Processing of PrPC in human ocular tissue. (a) Schematic representation of full length (FL), α-cleaved (C1, 18 kDa), β-cleaved (C2, 20 kDa), and ~19 kDa forms of PrPC. Antibody 8B4 reacts with FL and N-terminal fragments of PrPC, 3F4 reacts with FL and C2, and 8H4, G-12, and 2301 react with FL, C1, and C2. (b) Probing of lysates from primary human TM cells cultured from three different cases with 3F4 and 8H4 shows FL and mainly C2 fragment of PrPC. C1 represents a small fraction of total PrPC. Human brain lysate provides a positive control, and lysates from cells transfected with PrP-siRNA serve as a negative control (lanes 1–15). (c) Probing of lysates from the TM, retina (Ret), optic nerve (ON), and CB with 8H4 shows glycosylated PrPC in all samples (lanes 1–4), and a ~19 kDa fragment in lysates from the ON (lane 3,?) (d) Probing of human TM and CB lysates with 8B4, 3F4, and G-12 shows FL glycosylated and deglycosylated PrPC in all samples as in human brain. The TM shows significantly more C2 relative to FL and C1, the CB shows mainly C1, while the brain shows mainly FL and a small amount of C1 (lanes 1–18) (lighter exposures are shown for lanes 11 and 12. Complete membrane is shown in Supplementary Fig. S2). TM and CB lysates probed with 2301 antibody mimicked the G-12 probing data (Supplementary Fig. S3) (e) Probing of lysates from the ON and retina with 8B4, 3F4, and 2301 shows FL PrPC as in human brain, and a ~19 kDa fragment in deglycosylated ON sample. The retina has significantly more C2 relative to FL and C1, while the ON has more C1 relative to C2. The ~19 kDa fragment does not react with 2301 (lanes 15-18). (FL: #; C1: star; C2: white arrowhead;?: ~19 kDa). All membranes were re-probed for β-actin to control for loading. (f) The relative abundance of FL, C1, C2, and the ~19 kDa fragment is shown graphically. Figures 3c-e are from tissue harvested from the same eye. Similar results were obtained from two other eye globes.

Evaluation of tissue from different regions of the human eye with 8H4 showed strong reactivity for FL PrPC in the TM, retina (Ret), optic nerve (ON), and ciliary body (CB) (Fig. 3c, lanes 1–4, #)). However, the presence of a unique 19 kDa band in the ON was surprising (Fig. 3c, lane 3), prompting additional exploration.

To achieve this goal, three pairs of human eyes were dissected to isolate the TM, CB, retina, and ON, and tissue homogenates were evaluated as such or deglycosylated before Western blotting. Lysate from human brain was fractionated in parallel as a positive control. To avoid experimental artifacts, membranes probed once with a particular PrPC-specific antibody were re-probed only for β-actin, not with another PrP antibody.
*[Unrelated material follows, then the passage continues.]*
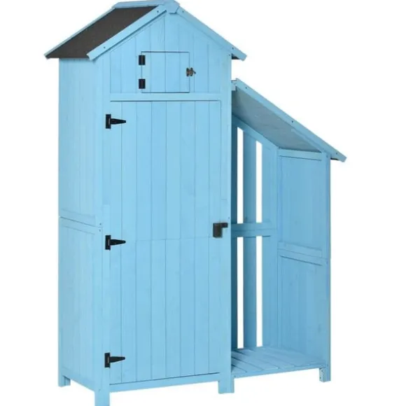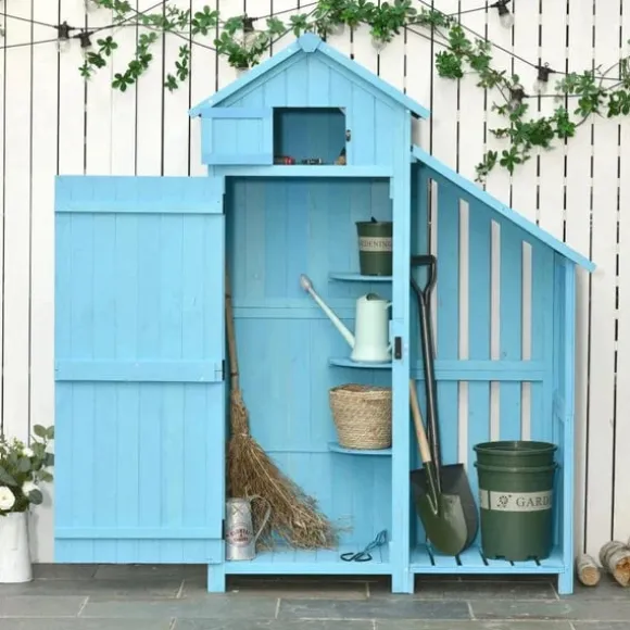 FIR TRUCTURE: Ett tufft och solidt stycke, detta trädgårdsförvaringsskåp är med en skyddande färgbeläggning för extra skydd.
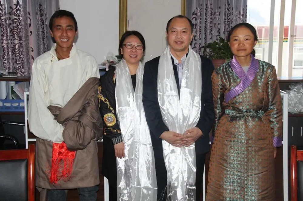 接受西藏大學(xué)生獻(xiàn)哈達(dá)

Probing of lysates from the TM and CB with 8B4 that reacts with FL and N-terminal fragments revealed mainly FL PrPC in all samples (Fig. 3d, lanes 1–6, #). N-terminal fragments of α- and β-cleaved PrP were not detected because these are soluble and unlikely to be present in significant amounts in tissue lysates33. Probing with 3F4 showed mainly β-cleaved PrPC (Fig. 3d, lanes 7–10, white arrowhead). Reaction with G-12, a C-terminal antibody that reacts with FL, β-cleaved, α-cleaved, and probably Ɣ-cleaved soluble FL PrPC showed mainly β-cleaved PrPC in the TM, and α-cleaved fragment in the CB and brain samples (Fig. 3d, lanes 13–18, white arrowhead, *). Similar results were obtained with 2301, validating the results with G-12 (Supplementary Fig S3). In bovine CB, however, PrPC showed equivalent representation of α- and β-cleaved forms30, suggesting species-specific differences in its proteolytic processing.

Lysates from ON and retina showed FL and α-cleaved PrPC (Fig. 3e, lanes 1–18, #, *). The retina also showed β-cleaved PrPC (Fig. 3e, lanes 6, 12, and 18, white arrowhead). Surprisingly, the optic nerve showed a unique fragment of ~19 kDa that reacted with the N-terminal antibody 8B4 (Fig. 3e, lane 2,?). This fragment also reacted with 8H4 (Fig. 3c, lane 3) and 3F4 (Fig. 3e, lane 14), but not with 2301 (Fig. 3e, lane 16). These observations suggest that this fragment is distinct from α, β, and Ɣ-cleaved PrPC for the following reasons; (1) it is glycosylated and hence includes at least one N-glycan (amino acid 175) (Fig. 3e, lanes 1 & 2, lanes 13 & 14), (2) it reacts with 8B4, suggesting the presence of N-terminal amino acid 35 (Fig. 3a), (3) it does not react with 2301 (Fig. 3a), and (4) migrates at ~19 kDa, a molecular mass that is inconsistent with Ɣ-cleaved or FL PrPC. Further exploration is necessary to characterize this fragment fully and understand the conditions that precipitate its cleavage.

Quantification of relative abundance of FL, C1 (α-cleaved), and C2 (β-cleaved) forms of PrPC in different tissues showed a ratio of 32:6:62 for TM cells, 9:27:64 for TM tissue, 20:60:20 for CB, 30:35:5:30 (unique) for optic nerve, and 14:45:41 for the retina (Fig. 3f). These ratios are an approximation at best because of the efficiency of reactivity of different antibodies. However, it is clear that unlike brain and neuronal cells where 60–70% of PrPC is cleaved at the α-site, processing of PrPC in ocular tissues is distinct, and is mainly at the β-site in human TM tissue.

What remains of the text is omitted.